Ганс. А я не буду ни о чем жалеть.
С этими словами Ганс накинул веревку на шею Первого Советника.
Ганс. За ложь, за фарисейство, за убийство наших друзей вы, господин Первый Советник, приговариваетесь нами к смертной казни путем повешения.
Первый Советник. Ганс, подожди…
Ганс. Но сначала каждый из нас скажет вам все, что о вас думает…
И дети стали по очереди подходить к Первому Советнику. В руках у них были гвозди, и каждый из детей втыкал свой гвоздь в то или иное место на теле Первого Советника. Первый Советник взвыл от боли. Его мозг мучительно искал спасения. В один момент он заметил, что маленькая девочка замешкалась. Решительным броском Первый Советник вырвал гвоздь у девочки из рук и воткнул его ей в плечо. Девочка закричала. Советник оттолкнул девочку и, размахивая гвоздем направо и налево, бросился бежать. Дети побежали за ним. Они гнали его, словно борзые зайца. Первый Советник, петляя по улочкам города, наконец сумел оторваться от детей, забежав в очень узкий проулок. Дети не заметили его и пробежали мимо. Советник сел на мостовую. Взгляд у него был безумный.
5
Уже пропели первые петухи и на улице светало, когда господин Первый Советник подошел к дому Бургомистра.
Он был растрепан и окровавлен. Даже служанка невольно вскрикнула, когда увидала его в таком виде. Молча он прошел мимо прислуги прямо в спальню Бургомистра, и прислуга не посмела его остановить. Бургомистр храпел на своем ложе, словно огромный мопс. Первый Советник толкнул Бургомистра. Бургомистр, мыча себе что-то под нос, открыл глаза. Он не сразу разглядел в полутьме комнаты Первого Советника. А когда разглядел, то моментально проснулся.

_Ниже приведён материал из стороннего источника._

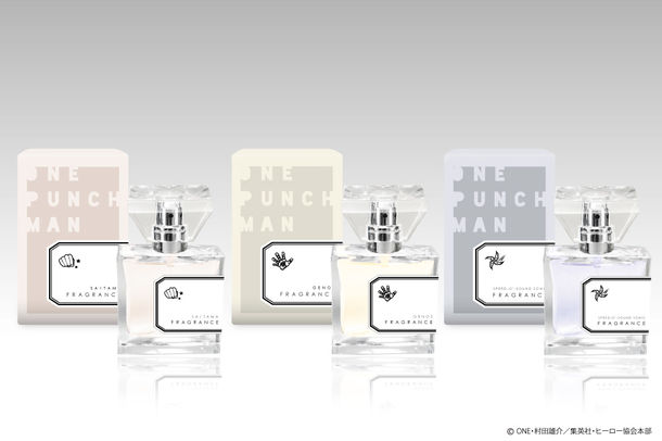 ONE・村田雄介原作によるテレビアニメ「ワンパンマン」に登場するサイタマ、ジェノス、ソニックをイメージしたフレグランスが、9月15日よりprimaniacsの店舗で販売される。価格は5850円。

Бургомистр. Ты убежал от него? Ты видел его?
Первый Советник. Не его, а их, ваше сиятельство. Дети, это были дети. Много детей. И среди них была ваша дочь.
Бургомистр. О чем вы?
Первый Советник. Анни была там!
Бургомистр. Что вы такое говорите? Ведь этого не может быть.
Первый Советник. Она была там… Среди детей. Не далее чем час назад…
Бургомистр. Успокойтесь. Это легко проверить.
Бургомистр накинул халат и вышел из своей комнаты. Первый Советник последовал за ним. Бургомистр постучал в комнату дочери.
Бургомистр. Анни! Детка! Ты здесь?
Из комнаты не раздавалось ни звука. Бургомистр постучал еще раз.
Бургомистр. Анни, можно я войду?
Бургомистр не без волнения распахнул дверь комнаты. Анни мирно спала в своей белоснежной кровати. Ее золотистые волосы разметались по подушке, а на губах блуждала детская невинная улыбка.
Бургомистр. Вот видите? Видите?
Господин Первый Советник кивнул, и глаза его забегали.
Первый Советник. Но ведь я видел ее там… Видел…
Она была среди детей. Она вела меня на казнь…
Бургомистр. С вами все хорошо?
Первый Советник. Как они могут так притворяться? Ведь не далее чем час назад… Дети…
И тут Бургомистр понял, что у Первого Советника помутился рассудок, и шепнул проходящей мимо служанке.
Бургомистр. Беги за врачом. Скажи, что дело очень срочное и не терпит отлагательств…
6
Крысолов сидел на самой вершине холма и играл на флейте. Вокруг него до самой реки сидели дети. Крысолов смотрел на детей с задумчивостью, а дети на него с восторгом. И наконец он закончил играть и тихо изрек.
Крысолов. Все здесь?
Первой, как всегда, вызвалась отвечать Анни.
Анни. Да.
Крысолов. Тогда начнем наше собрание. Вы знаете, вы – молодцы. Я от вас не ожидал такой собранности. Я вообще не ожидал, что обрету в Гамельне таких прекрасных людей. Я, конечно, сейчас говорю про вас, а не про ваших родителей.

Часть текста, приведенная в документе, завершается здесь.